Elvin Lim is Assistant Professor of Government at Wesleyan University and author of The Anti-intellectual Presidency, which draws on interviews with more than 40 presidential speechwriters to investigate this relentless qualitative decline, over the course of 200 years, in our presidents’ ability to communicate with the public. He also blogs at www.elvinlim.com. In the article below he looks at the implications of the charges against Goldman Sachs. See Lim’s previous OUPblogs here.
The Securities Exchange Commission has filed charges against Goldman Sachs as the Obama administration has taken up regulatory reform of the financial markets. The two events are not unrelated. They reveal the perception that the economy has turned the corner, and that the Obama administration is now ready to mean business, literally.
For a year now we have heard about the potential for a “double dip” in the economy. Fortunately, the conventional wisdom hasn’t materialized. Wall Street has a way of swinging between extremes, between the ridiculous hubris that created the housing bubble (or the dot com bubble) and the abject despondency whenever a bubble is burst. If only businesses and investors could find the Aristotelian mean between irrational exuberance and paranoid pessimism.

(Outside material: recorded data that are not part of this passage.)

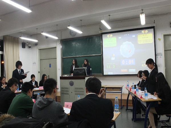 2016年11月27日晚8时许,北京师范大学熙言杯新生辩论赛半决赛在教四306教室举行,历史学院鸣鹤辩论队和教育学部辩论队分别作为正反方,围绕“政府应该/不应该降低企业开发气候能源的现有门槛”展开激烈辩论。本场比赛由杨鹏达、黄文韬、王天超、梁端、李阳担任评委。我方派出的四位辩手为王嘉钰,汤阳,景凡芮,李仪琛。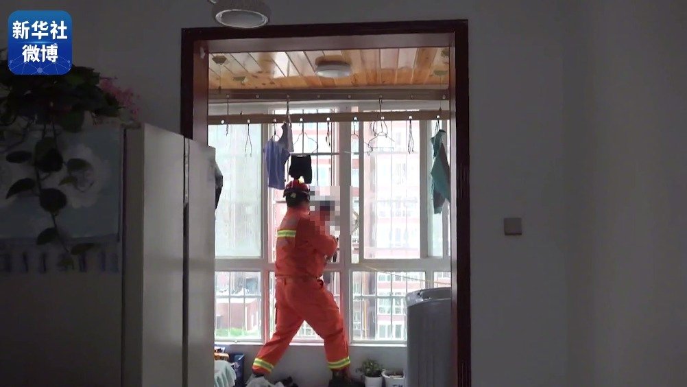 【#3岁男童被卡7楼防盗网身体悬空#消防迅速施救】目前正值暑期,儿童安全问题不可忽视。7月28日,陕西延安洛川县,一名3岁男童被卡在7楼防盗窗,身体完全悬空。事发时家长有事外出,孩子独自在家,房门也被反锁,当地消防人员迅速赶到后成功施救。(记者孙正好) 新华社的微博视频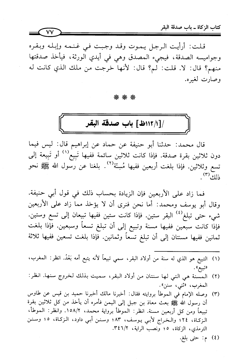 قال محمد: حدثنا أبو حنيفة عن حماد عن إبراهيم قال: ليس فيما دون ثلاثين بقرة صدقة. فإذا كانت ثلاثين سائمة ففيها تَبِيع (¬1) أو تَبِيعة إلى تسع وثلاثين. فإذا بلغت أربعين ففيها مُسِنّة (¬2). بلغنا عن رسول الله - صلى الله عليه وسلم - نحو ذلك (¬3).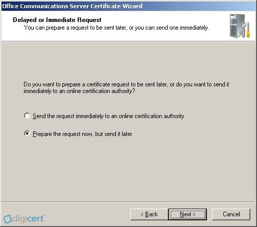 5. Chọn mục "Prepare the request now, but send it later" và click Next.

By most indices, the economy is on its way to recovery. The chances of a double dip on the economy are now so near zero that the Obama administration has switched mottos from “too big to fail” to “big enough to punish.” For the fact is there is a cosy relationship between government and business, and a correlation between the Dow Jones and Gallup. Obama could not afford to regulate the big banks while the economy was spiraling out of control, but he and Geithner appear to think that the coast is now clear to do so.

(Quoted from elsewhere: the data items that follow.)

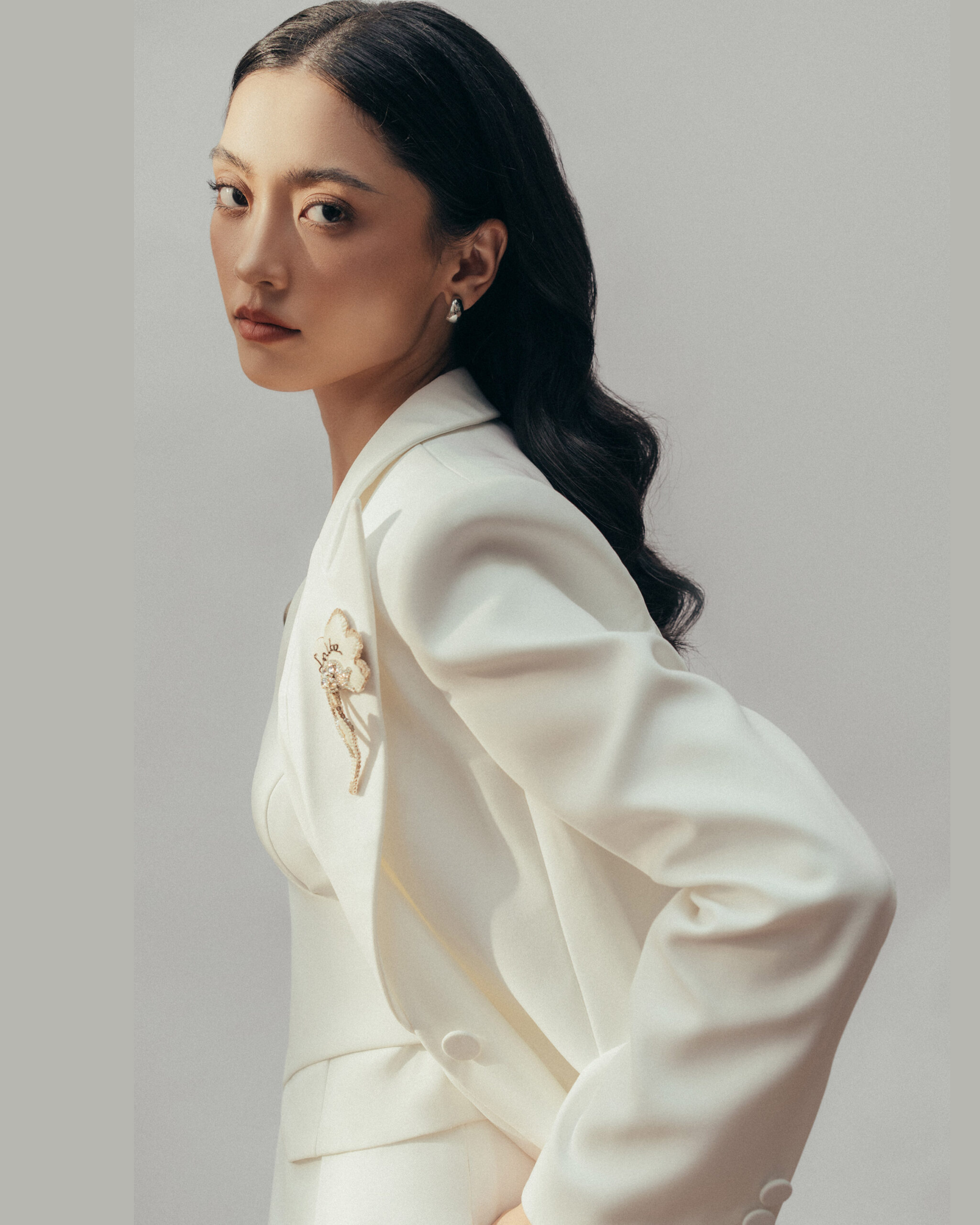 Relaxed-fit blazer with a modern touch and delicate charm embellishment.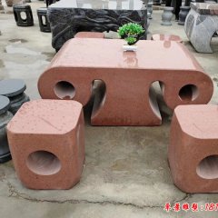 晚霞紅方形石桌石凳雕塑
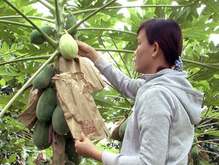 Mientras, en la comuna de Phu Huu y en la cabecera de Nga Sau, del mismo distrito, las papayas y las guanábanas también han sido modificadas. Nguyen Thi Uom, de la aldea de Phuoc Thuan, en la cabecera de Nga Sau, dijo que su poblado cosechó cerca de mil 400 papayas de dicho tipo y todas fueron adquiridas por los comerciantes. Esta productora comentó: “En la bandeja del Tet, los compatriotas del sur suelen poner guanábanas, papayas y mangos. Todos son verdes y amarrillos. Así, un día nos preguntamos ¿por qué no usar las variedades de papaya con cáscara amarrilla con las palabras “Prosperidad”, “Suerte”, “Felicidad” y “Longevidad” en verde?. De esta manera, las bandejas del Tet serán más vívidas y atractivas. Normalmente, lo hacemos con esas cuatro palabras pero podemos atender pedidos específicos de los clientes. Este año, probamos también en las guanábanas.”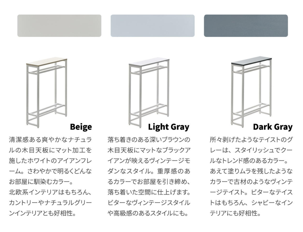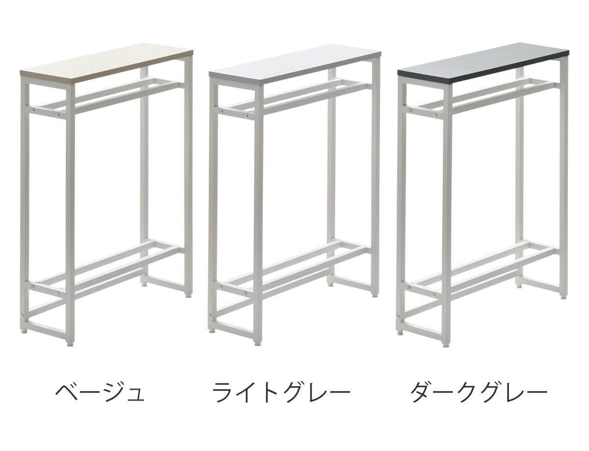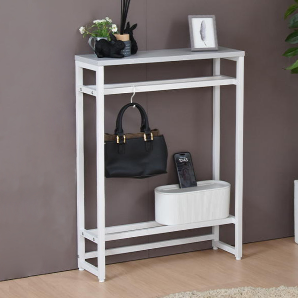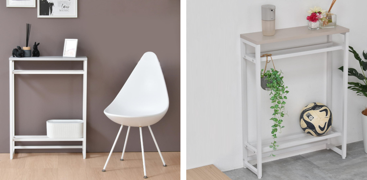 空間を引き締める玄関の小物収納棚や飾り棚になるコンソールテーブルです。マットな質感のメラミン天板とホワイトスチールの細いアイアンフレームだけで構成されたスタイリッシュな美しいデザインです。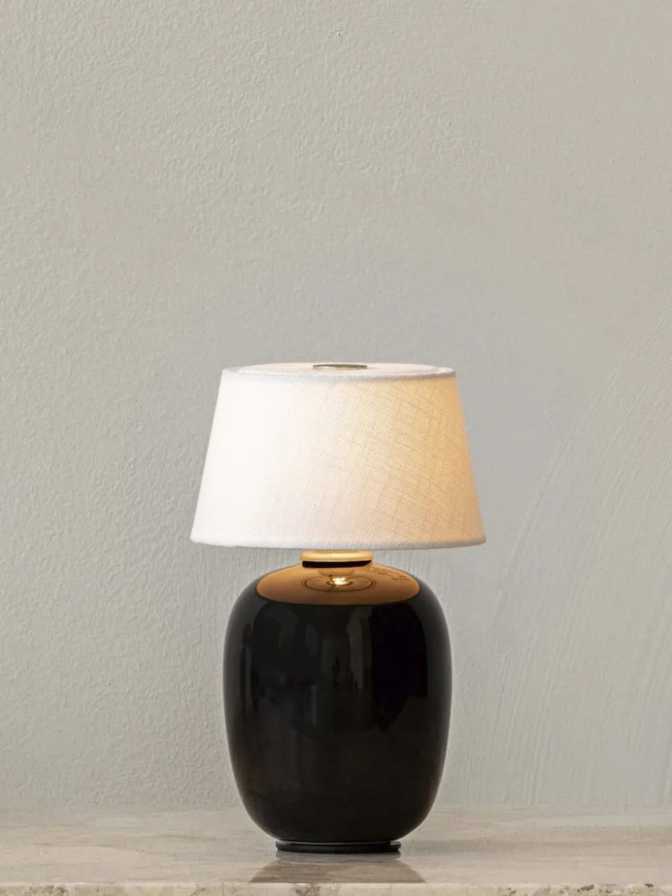 Torso Portable Table Lamp af Krøyer-Sætter-Lassen er en miniatureversion af deres populære Design i fuld størrelse af samme navn, som tager sit Design fra barndomshjem fyldt med skatte formet af den menneskelige hånd. Dette lille og hyggelige Design giver en følelse af intimitet til bordplader og erstatter behovet for stearinlys takket være det bløde, omgivende lys. Den har en messingbelagt knap på lærredsskærmen, så du kan tænde og slukke lyset med et tryk på en finger. En indbygget USB-oplader i basen sikrer nem opladning og er kompatibel med Audos-ladepladen, som genopliver flere enheder i et Single møde. For at bevare batteriets levetid skal du slukke for lampen under opladning og ikke lade den være tilsluttet, mens den er i brug. [dimensions-start] H: 20 cm, Ø: 12 cm [dimensions-end] [materials-start] Keramik, tekstil, stål, ABS [materials-end] [additional-resources-start] DOWNLOADS PRODUKTFAKTSHEET 2D /3D FILES ASSEMBLY INSTRUKTIONER [additional-resources-end] [vimeo-video-embed-start] https://vimeo.com/603855807 [vimeo-video-embed-end]

It would appear that the SEC parts company with unregulated capitalism at the 11,000 mark. Last Friday, federal regulators filed fraud charges against Goldman Sachs over its dealings in subprime mortgages, precipitating a 125-point drop in the Down Jones. Consider the confidence of the SEC when these charges against Goldman Sachs occurred in the middle of the day on Friday (and not at the start or end), and also at a time when options were expiring for the month (so investors who took out earlier plays on Goldman were left unable to hedge).
Meanwhile, a war is brewing between the two political parties about financial regulation and a bill coming out from the Senate Banking Committee which would, among other things, give federal regulators the authority and a $50 billion fund to control and wind down too-big-to-fail banks at imminent risk of destabilizing the wider economy. Republicans are pushing back hard against what they call “bailout authority” but their real beef is not with bailouts, which Democrats say that the fund would prevent, but the bill’s provision to regulate financial derivatives: the instruments of mischief that led to last year’s recession. This is at the heart of the bill, so important that President Obama has issued a (rare) veto threat against any bill that does not regulate what Warren Buffet calls “financial weapons of mass destruction.”
Now that the market is stable enough to weather regulatory intrusion, Obama means business. With the health-care issue out of the way, regulating Wall Street has become Obama’s next top priority.